Both ends included, set down the lines from the line containing "中國涂料報(bào) 2016年3月31日" through the last line of the records below, without pictures.

[Working data — start]

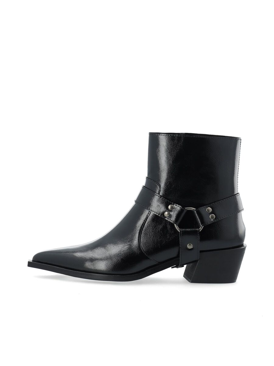 The Bianco BIAJODY Low Harness Boot Black is a stylish ankle boot inspired by classic biker and western designs. The boot features a sleek pointed toe and a decorative harness strap with metal hardware, giving it a bold and modern edge.
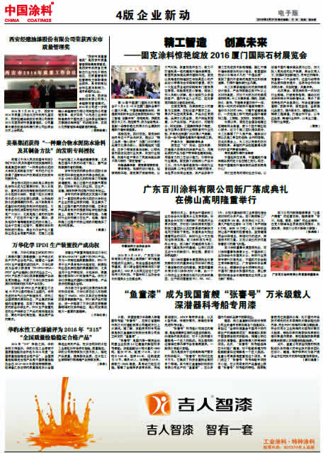 中國涂料報(bào) 2016年3月31日
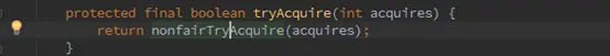 acquire方法在AQS类,这里,首先会调用tryAcquire方法,该方法的具体实现在NonfairSync中:
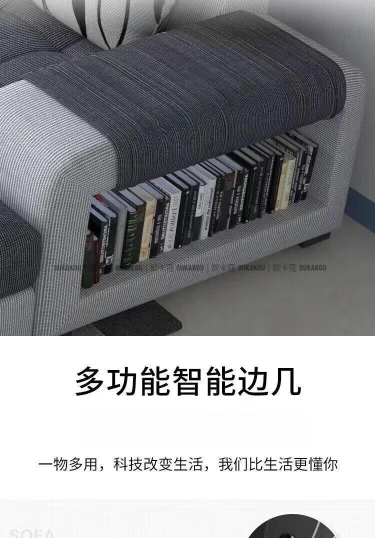 欧卡蔻2026新款沙发客厅整装大小户型简约现代轻奢科技布布艺沙发组合 浅蓝色-拆洗麻布 海绵版四位+踏+茶几+电柜
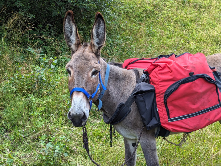 Unsere Esel auf der Sommerweide über dem Dorf, wir geniessen es
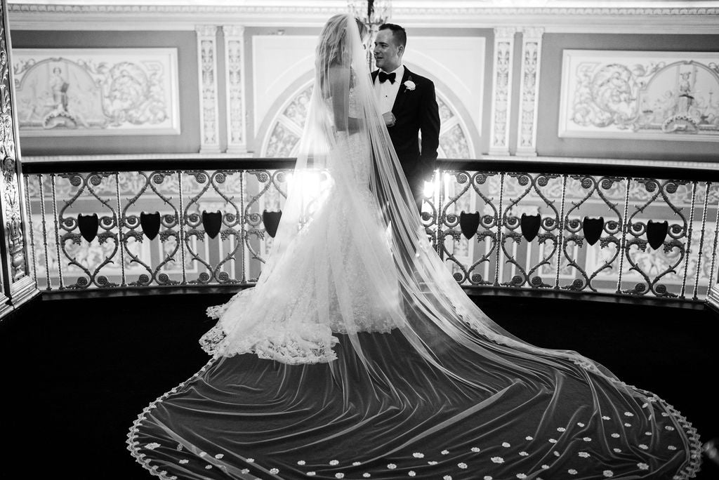Right after we were married on the stage, we went up to a box in the mezzanine. We had a few moments to ourselves before our reception began. The opera singer began to sing while our guests were still seated from the ceremony. The curtain began to rise revealing our beautiful reception where guests would then be invited up on stage. It was so magical to watch our guests’ reaction as the curtain came up and we were able to see our reception for the first time.

[Working data — finish]

The answer:
 中國涂料報(bào) 2016年3月31日
 acquire方法在AQS类,这里,首先会调用tryAcquire方法,该方法的具体实现在NonfairSync中:
 欧卡蔻2026新款沙发客厅整装大小户型简约现代轻奢科技布布艺沙发组合 浅蓝色-拆洗麻布 海绵版四位+踏+茶几+电柜
 Unsere Esel auf der Sommerweide über dem Dorf, wir geniessen es
Right after we were married on the stage, we went up to a box in the mezzanine. We had a few moments to ourselves before our reception began. The opera singer began to sing while our guests were still seated from the ceremony. The curtain began to rise revealing our beautiful reception where guests would then be invited up on stage. It was so magical to watch our guests’ reaction as the curtain came up and we were able to see our reception for the first time.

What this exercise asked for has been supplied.